Somewhere, there’s a cornerstone for Moynihan Station. I’m not reaching for a metaphor: There is literally a hunk of marble, engraved with the names of politicians, ready to go. It was carved back in 2000 in anticipation of a ceremony declaring the start of construction to transform the grand old Farley post office on Eighth Avenue into a railroad showpiece called Moynihan Station in honor of the New York senator who’d had the brilliant idea in 1992. The ceremony never took place, of course; the station has never been built; thousands of people are instead still condemned to commute through cruddy Penn Station.
But here’s the metaphor, or the bad joke, that epitomizes the entire ridiculous, complicated saga: The cornerstone is lost. No one knows where it is.
It would be wildly premature to hire another stonecutter, but there is new hope that Moynihan Station will get underway. Senator Chuck Schumer, with the help of the recession, has reframed the project along its original lines: Creating a new transportation hub instead of redeveloping a vast stretch of Midtown West all at once by moving Madison Square Garden to Ninth Avenue, as private developers Vornado and Related Companies intended to do when they won bidding rights four years ago. “Vornado and Related can’t get financing for the larger project right now, and they don’t know where they’re putting the buildings,” a government official says. “Dealing with trying to move Madison Square Garden is an intractable mess, and ESDC [New York State’s development agency] is not capable of running such a project. So this simplifies things by putting the Port Authority in charge and making transportation the central part of the project again.”

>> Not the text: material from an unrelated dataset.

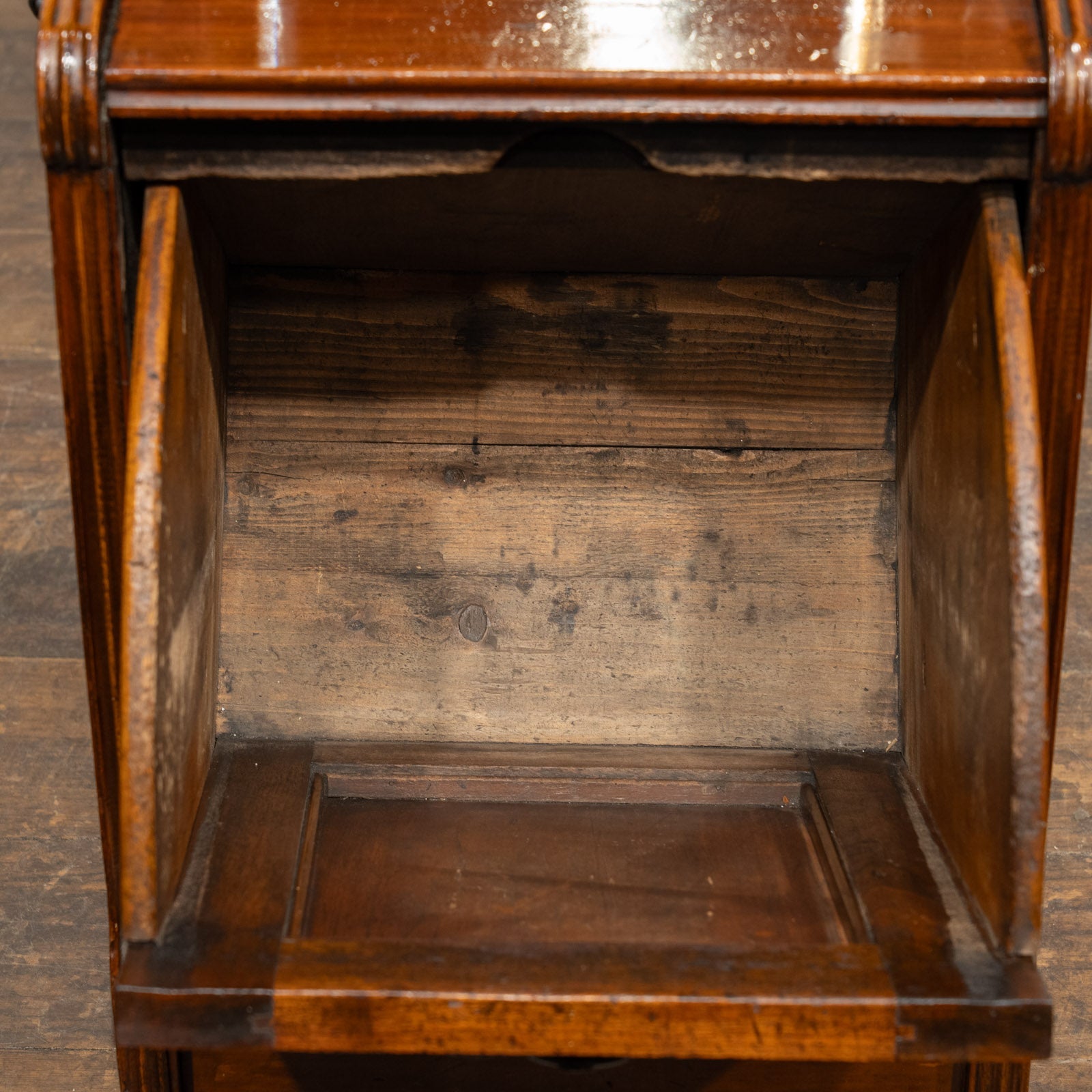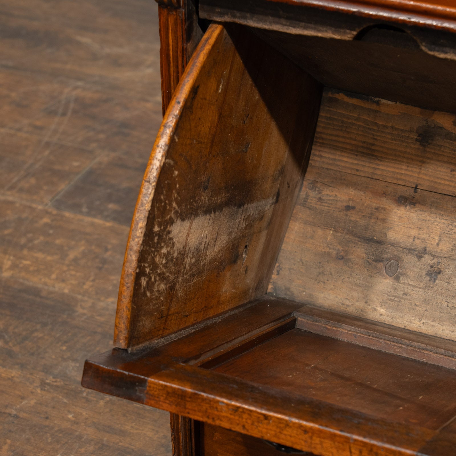 | 備考 | ※天板の塗装劣化があります。無料にて剥離と再塗装を致します。 ・本商品は買い付けたままの状態です。自社工房にて建付け等のメンテナンスを施してからのお届けになります。 心をこめてメンテナンスしておりますが、アンティーク家具およびヴィンテージ家具には多少のキズや汚れ等のダメージは必ず見られます。長く愛用されてきた品物の個性や味わいとして楽しんで頂けますと幸いです。 |

Schumer has also come up with a plan to use $100 million in federal stimulus money to jump-start the project. The money helps (though only a little, with construction costs estimated to be more than $1 billion), but money has always been only a part of the puzzle. The project has a surplus of competing stakeholders — the city, the state, New Jersey, the private developers, the Postal Service, Amtrak, and for a while, Madison Square Garden, until the Dolans decided to stay put and renovate — but it has never had a leader with the power and focus to push everyone forward. Schumer needs to follow through by wrangling federal funding and beating the drum for a deal, but he wasn’t nominating himself for Moynihan Station czar. He has a few other things going on in Washington. Which means that the next move is up to Mayor Michael Bloomberg.

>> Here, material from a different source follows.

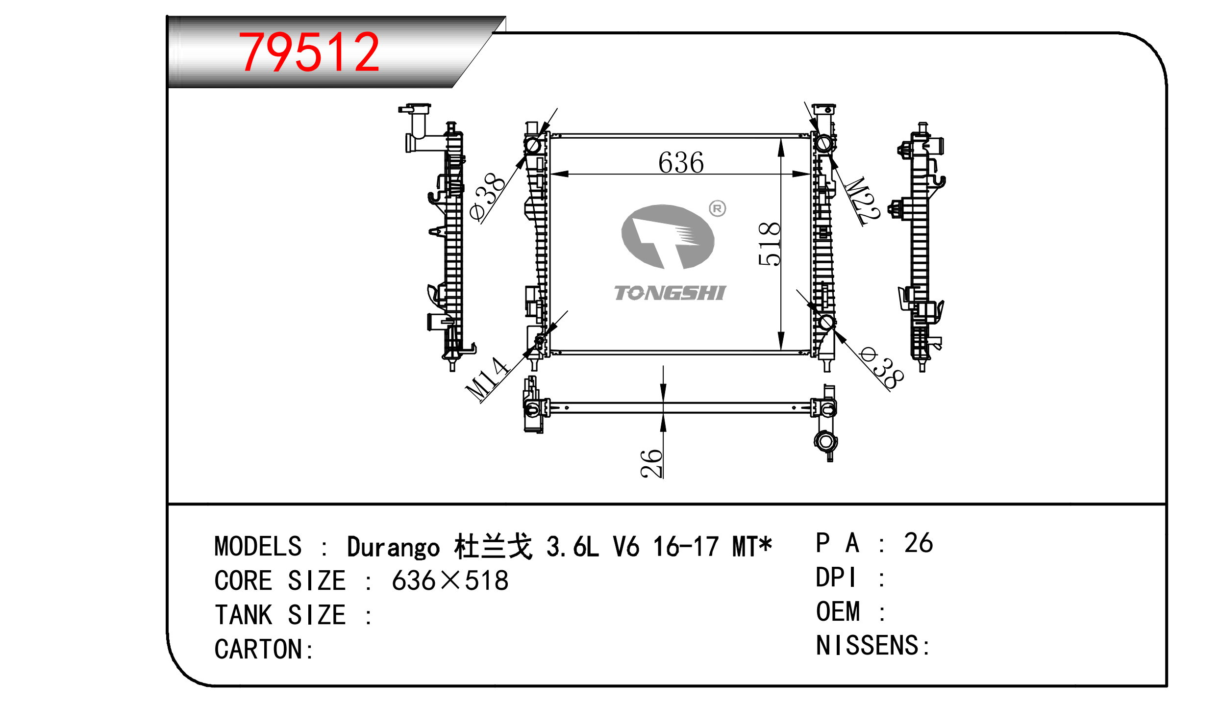 適用于奇瑞瑞虎(新款) MT散熱器 OEM : F1301000B1

The mayor played a pivotal role in ending the paralysis at another state-owned city site: the World Trade Center. After four years of frustration at the lack of action, Bloomberg helped end the stalemate by raising $350 million for the September 11 memorial and leveraging city bonds. Those tools don’t exist at Moynihan Station, and Bloomberg smartly avoids getting involved in issues where he can’t exert substantial control; he also has daunting budget problems of his own. “We’re very supportive of Senator Schumer’s idea, and $100 million is a great start,” a City Hall official says, warily. “But it’s still a complicated and expensive project, and the devil is in the details of how the other pieces would come together.”
So Moynihan Station would be tougher, in some ways, than the World Trade Center. There are plenty of rational reasons for it to stay stalled. Yet Bloomberg is the one person who could put the political dominoes in motion. David Paterson is hapless at economic development, and Jon Corzine doesn’t see enough benefit to New Jersey, so the governors — and the Port Authority they control, which would operate the new station — aren’t likely to act until Bloomberg and the city are aggressively behind the project. Amtrak, which would move from Penn to Moynihan, won’t commit until all three elected officials are onboard. “Amtrak is the trickiest part,” one Moynihan negotiation veteran says. “If it sees even a crack of daylight between the mayor, the governors, and the Port Authority, they’ll drive an Acela right through it and kill this chance.”
Fortunately, Bloomberg is a man who thinks big. The mayor has repeatedly proven his desire to push megaprojects — though he’s been frustrated by the failure of some of the mega-est, including the West Side Stadium and Atlantic Yards. Here’s his chance to push a project both huge and with indisputable merit to the public at large, while at the same time serving his own self-interest. Because even though Moynihan Station is legally the property of New York State, emotionally it’s owned by the city. If this thing finally happens, Schumer’s name should be in large letters on the new cornerstone. But Bloomberg would get credit from the city’s voters this fall, and he’d be on the fast track to a third-term legacy.